#### Records to use
--------------------------------

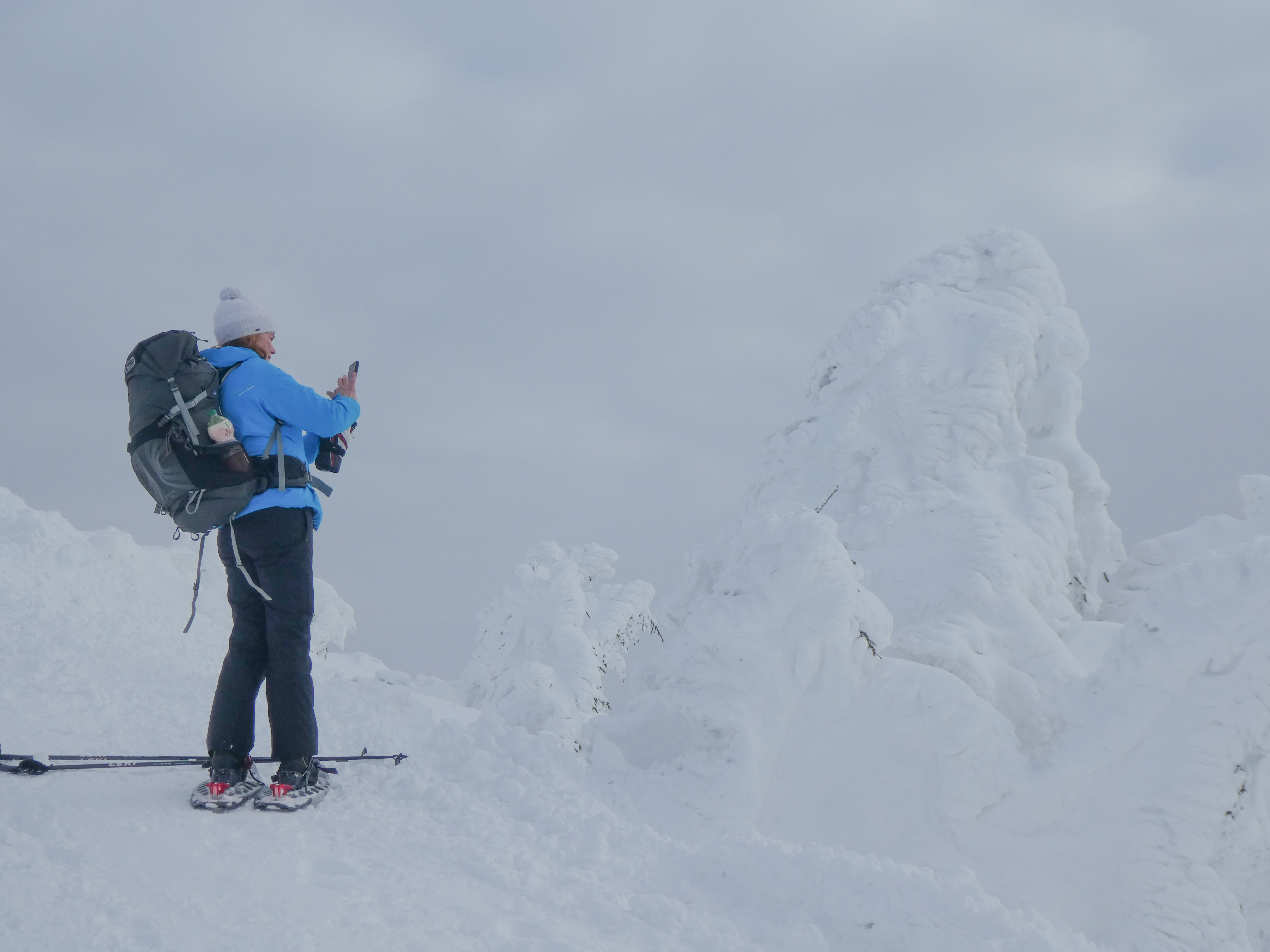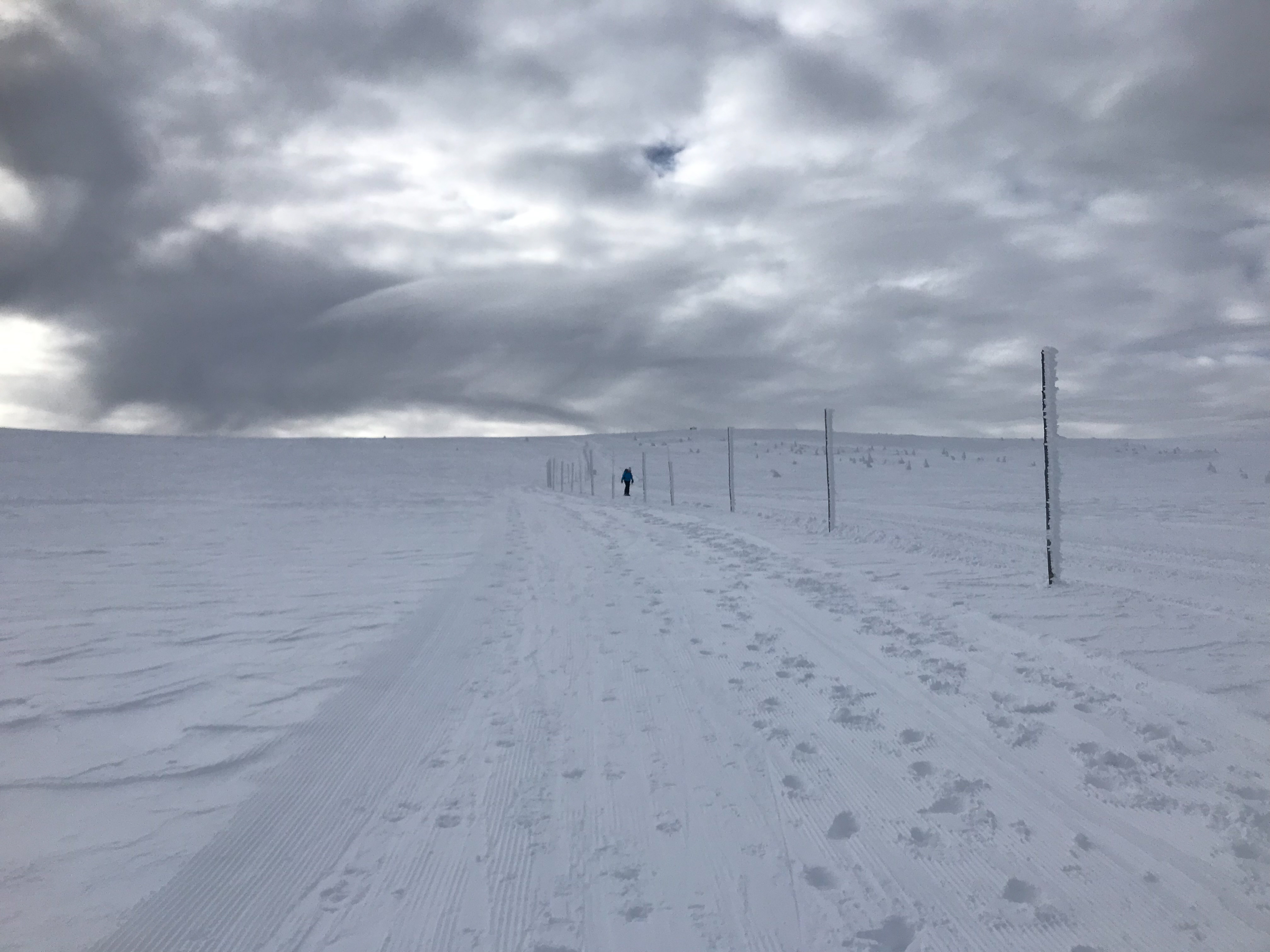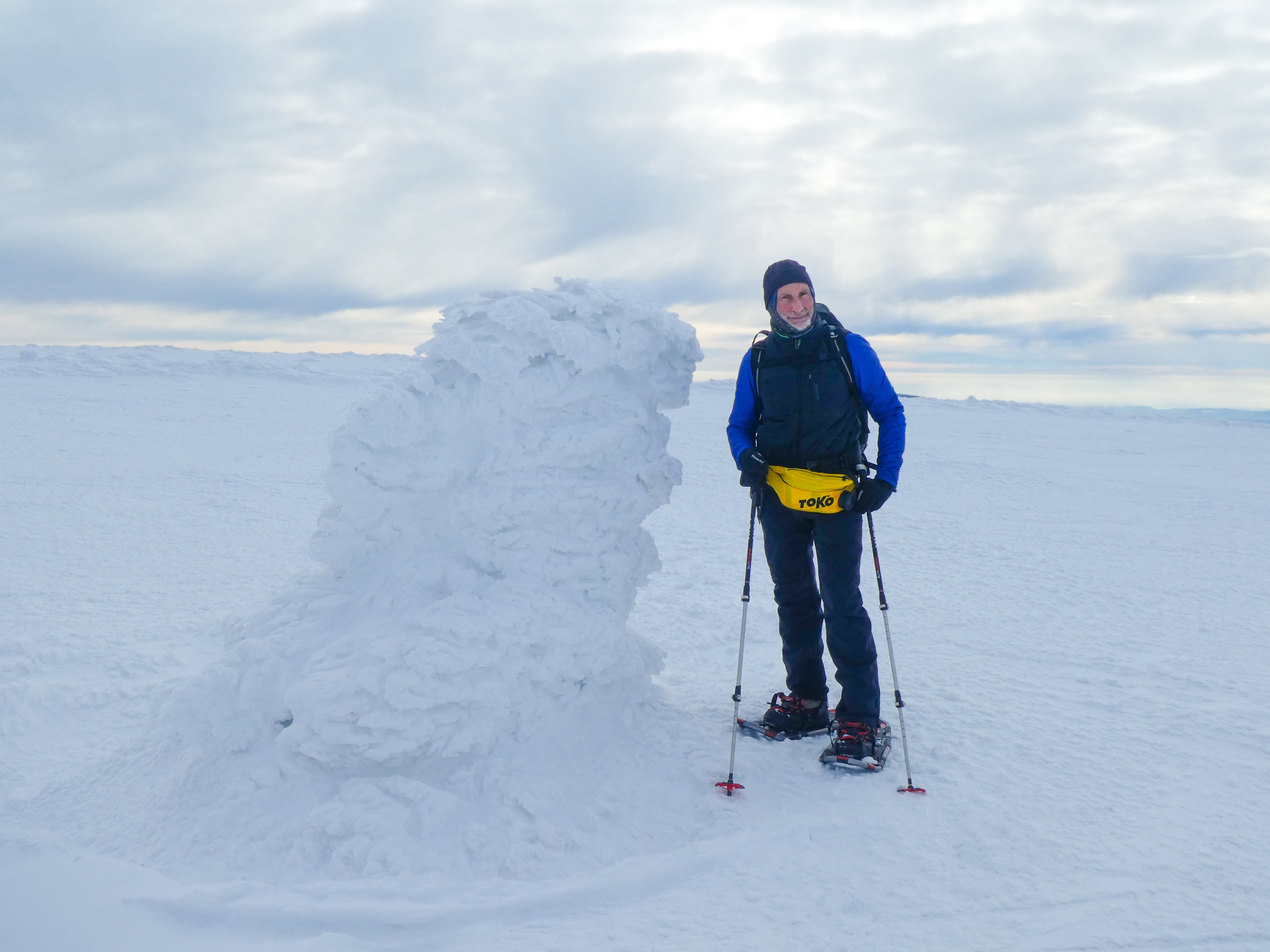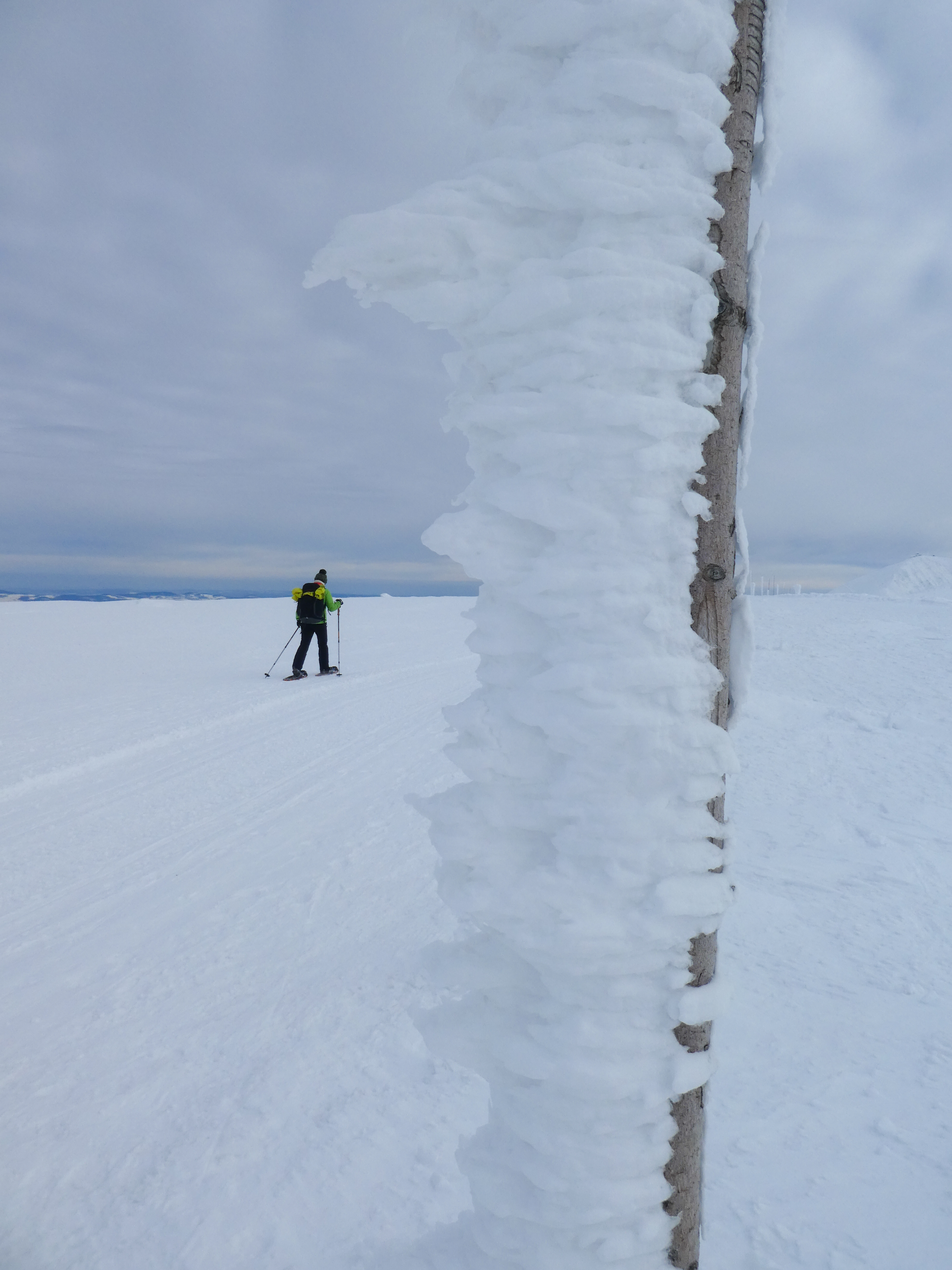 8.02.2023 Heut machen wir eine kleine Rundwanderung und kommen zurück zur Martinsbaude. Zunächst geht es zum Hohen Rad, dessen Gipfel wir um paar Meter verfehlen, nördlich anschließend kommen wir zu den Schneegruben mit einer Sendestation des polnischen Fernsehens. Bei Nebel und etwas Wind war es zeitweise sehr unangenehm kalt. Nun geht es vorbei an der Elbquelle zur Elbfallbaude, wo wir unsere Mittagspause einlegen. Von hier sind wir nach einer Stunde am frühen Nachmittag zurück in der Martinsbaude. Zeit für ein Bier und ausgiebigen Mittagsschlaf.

--------------------------------

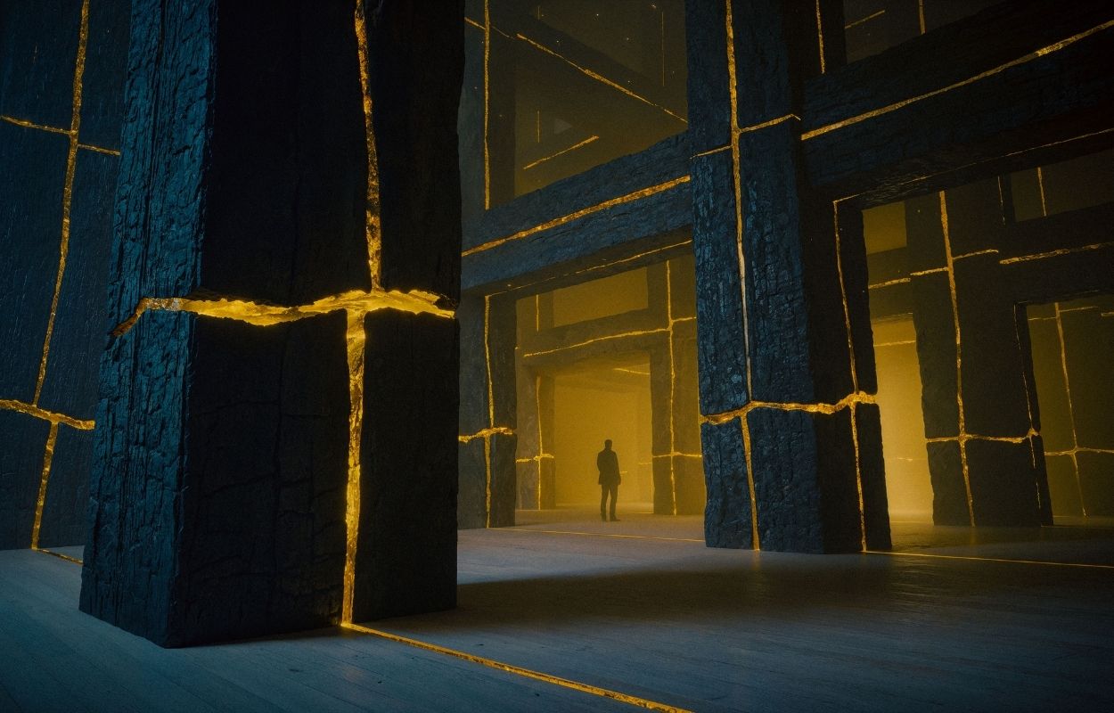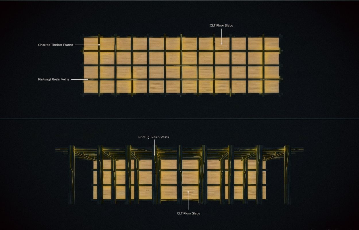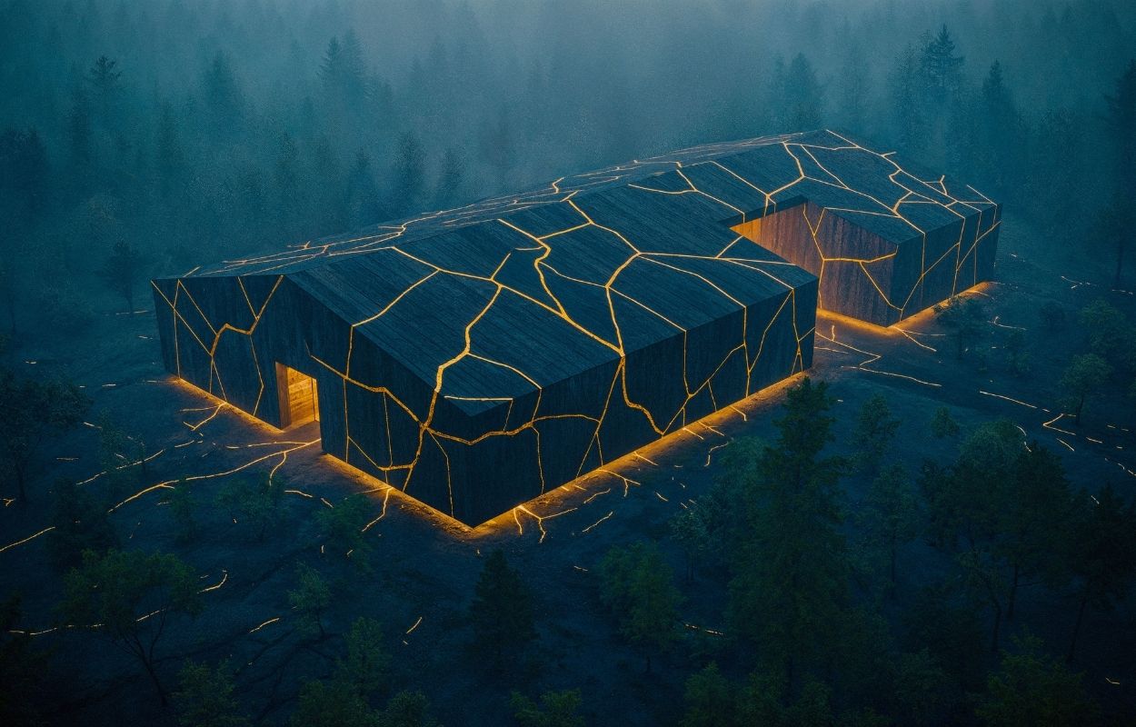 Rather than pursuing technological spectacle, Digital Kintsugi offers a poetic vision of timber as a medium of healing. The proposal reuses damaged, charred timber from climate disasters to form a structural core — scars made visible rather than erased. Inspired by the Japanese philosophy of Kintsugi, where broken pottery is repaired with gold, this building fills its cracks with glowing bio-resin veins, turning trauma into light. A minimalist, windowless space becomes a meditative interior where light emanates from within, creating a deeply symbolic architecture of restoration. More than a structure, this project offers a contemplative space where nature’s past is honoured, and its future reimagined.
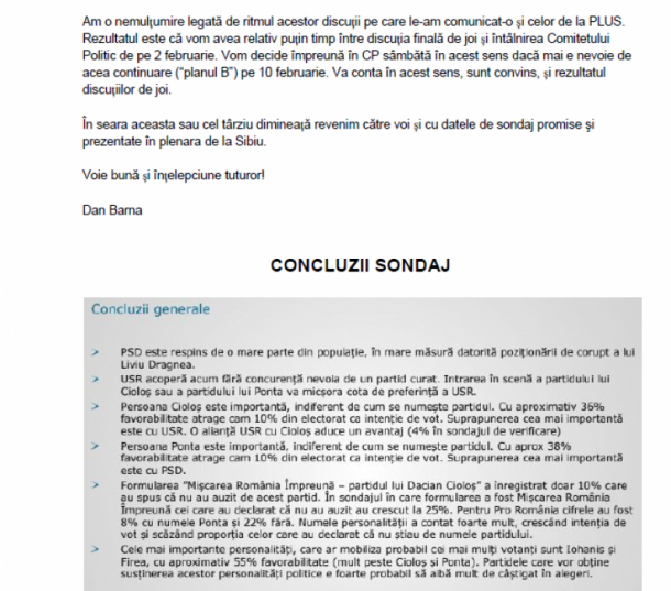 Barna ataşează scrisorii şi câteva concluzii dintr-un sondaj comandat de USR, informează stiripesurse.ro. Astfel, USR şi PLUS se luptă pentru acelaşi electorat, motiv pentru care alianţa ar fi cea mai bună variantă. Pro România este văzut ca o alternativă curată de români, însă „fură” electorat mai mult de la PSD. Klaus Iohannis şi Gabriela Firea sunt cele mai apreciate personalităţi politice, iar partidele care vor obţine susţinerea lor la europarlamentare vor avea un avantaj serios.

--------------------------------

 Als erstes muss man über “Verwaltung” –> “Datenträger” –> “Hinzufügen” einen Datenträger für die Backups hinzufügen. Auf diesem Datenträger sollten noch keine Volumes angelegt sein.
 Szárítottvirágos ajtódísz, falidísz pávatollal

--------------------------------

#### Goal of the exercise
Return exactly the lines above from the line that has "Als erstes muss" through the line that has "Szárítottvirágos ajtódísz, falidísz", inclusive, and nothing else.

#### Task result
 Als erstes muss man über “Verwaltung” –> “Datenträger” –> “Hinzufügen” einen Datenträger für die Backups hinzufügen. Auf diesem Datenträger sollten noch keine Volumes angelegt sein.
 Szárítottvirágos ajtódísz, falidísz pávatollal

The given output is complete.